• **Problem description**: Find the line with "This beautiful girls’" in the data below. Repeat it and every line after it up to the end, exactly, but drop the pictures.

• **Collected data**:

=== Begin Enclosure ===

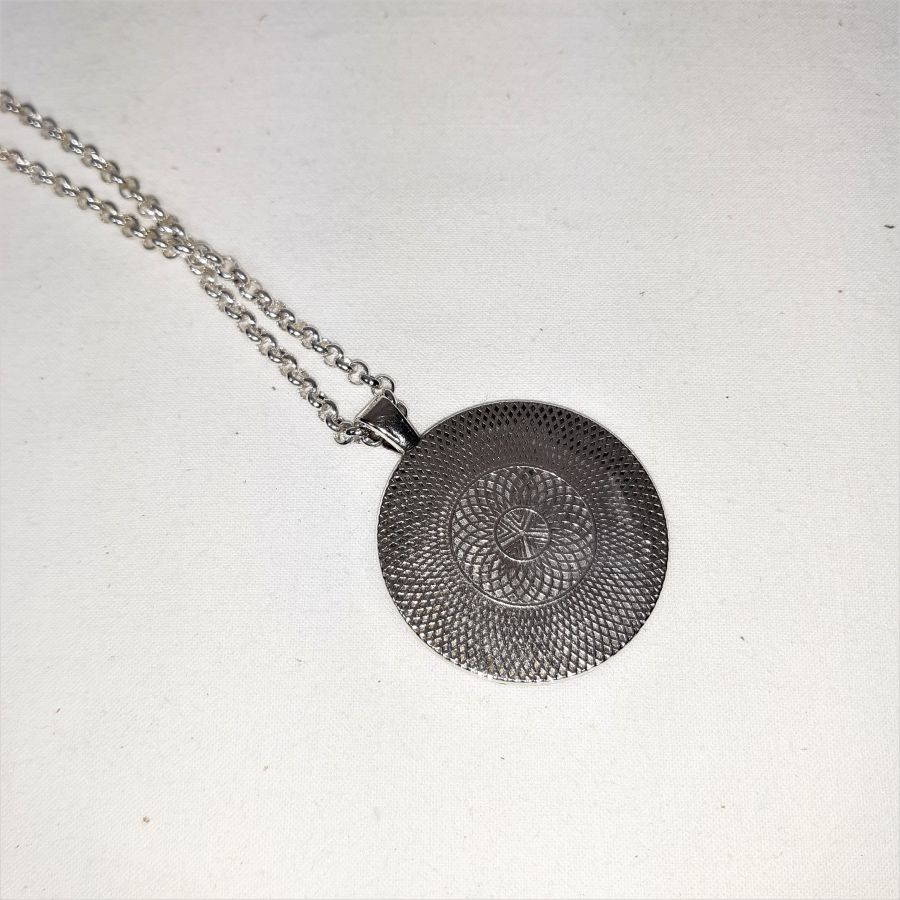 Facile à porter et à harmoniser: pendentif en laiton et cuir de vachette noir, impression croco, tannage minéral.
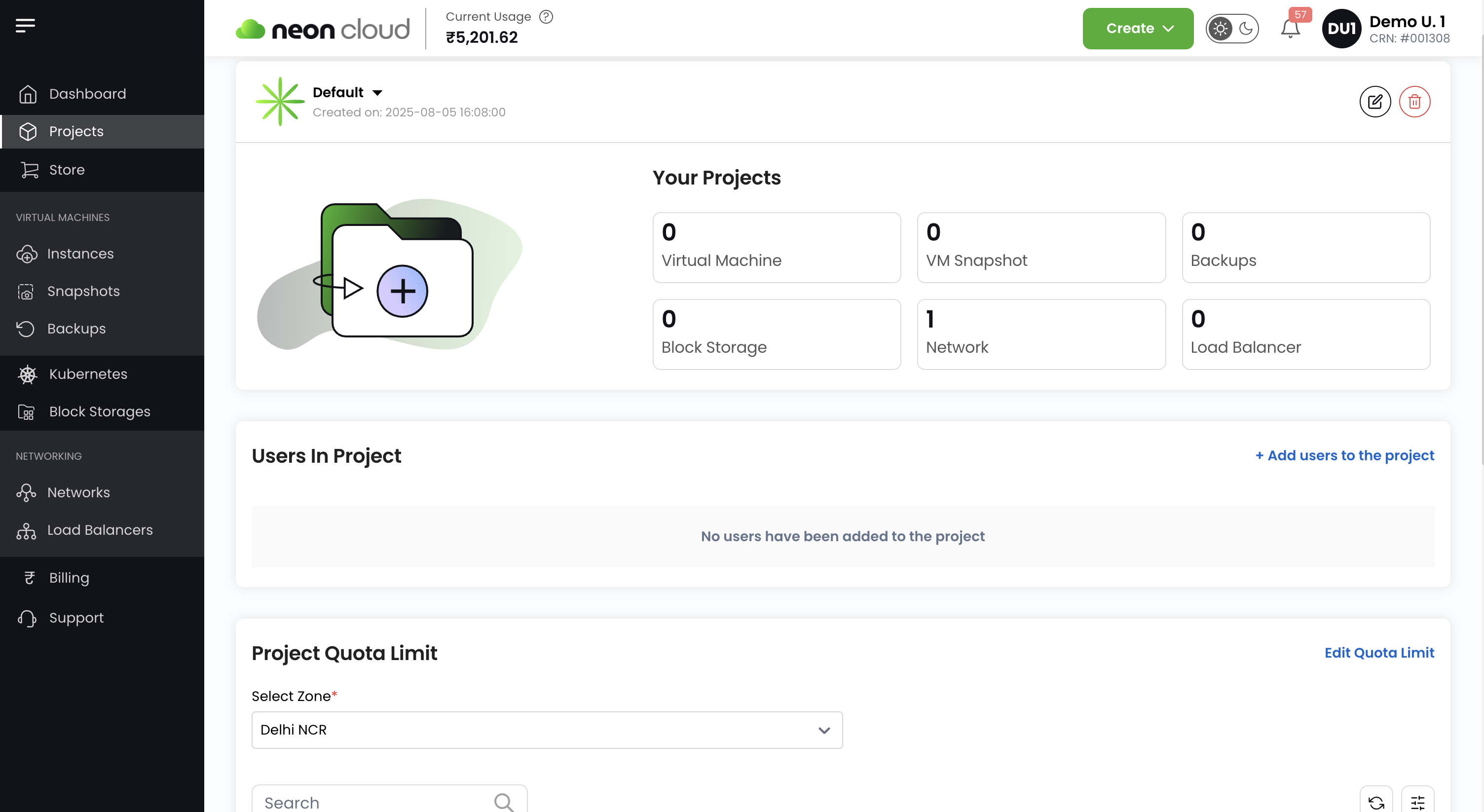 This is your default project homepage where you can see all active services within that project, view/add/remove users in the project, and see the resource quota assigned to the project.
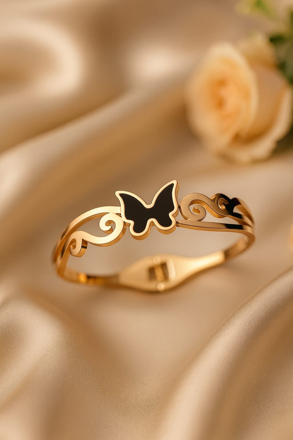 This beautiful girls’ stainless steel bracelet features a chic gold-tone finish with a stylish black butterfly charm at the centre. The elegant swirl-cut design on both sides adds a touch of sophistication, making it perfect for daily wear as well as special occasions.
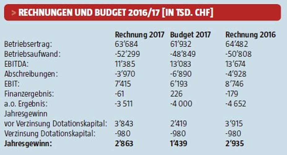 Der bessere Betriebsertrag gegenüber dem Budget ist auf die höheren Umsätze im Geschäfts-bereich Erdgas/Biogas/Wärme zurückzuführen. Der zum Ertrag überproportional gestiegene Betriebsaufwand ist auf den Geschäftsbereich Erdgas/Biogas/Wärme sowie auf den Geschäfts-bereich Wasser zurückzuführen. Die tiefer ausgefallenen ordentlichen Abschreibungen sind in nicht realisierten Investitionen begründet. Schlussendlich resultiert ein um 1.2 Mio. CHF höheres Betriebsergebnis gegenüber dem Budget. Auf Grund der Wertschriftenbewertung (Alpiq-Aktien) fiel das Finanzergebnis negativ und unter dem budgetierten Nettoertrag aus. Beim ausserordentlichen Ergebnis konnten Rückstellungen gebildet und aufgelöst werden. Nach der Verzinsung des Dotationskapitals kann ein Jahresgewinn von 1.4 Mio. CHF über Budget, aber unter dem Gewinn des Vorjahres ausgewiesen werden.

=== End Enclosure ===

• **Your response**:
 This beautiful girls’ stainless steel bracelet features a chic gold-tone finish with a stylish black butterfly charm at the centre. The elegant swirl-cut design on both sides adds a touch of sophistication, making it perfect for daily wear as well as special occasions.
 Der bessere Betriebsertrag gegenüber dem Budget ist auf die höheren Umsätze im Geschäfts-bereich Erdgas/Biogas/Wärme zurückzuführen. Der zum Ertrag überproportional gestiegene Betriebsaufwand ist auf den Geschäftsbereich Erdgas/Biogas/Wärme sowie auf den Geschäfts-bereich Wasser zurückzuführen. Die tiefer ausgefallenen ordentlichen Abschreibungen sind in nicht realisierten Investitionen begründet. Schlussendlich resultiert ein um 1.2 Mio. CHF höheres Betriebsergebnis gegenüber dem Budget. Auf Grund der Wertschriftenbewertung (Alpiq-Aktien) fiel das Finanzergebnis negativ und unter dem budgetierten Nettoertrag aus. Beim ausserordentlichen Ergebnis konnten Rückstellungen gebildet und aufgelöst werden. Nach der Verzinsung des Dotationskapitals kann ein Jahresgewinn von 1.4 Mio. CHF über Budget, aber unter dem Gewinn des Vorjahres ausgewiesen werden.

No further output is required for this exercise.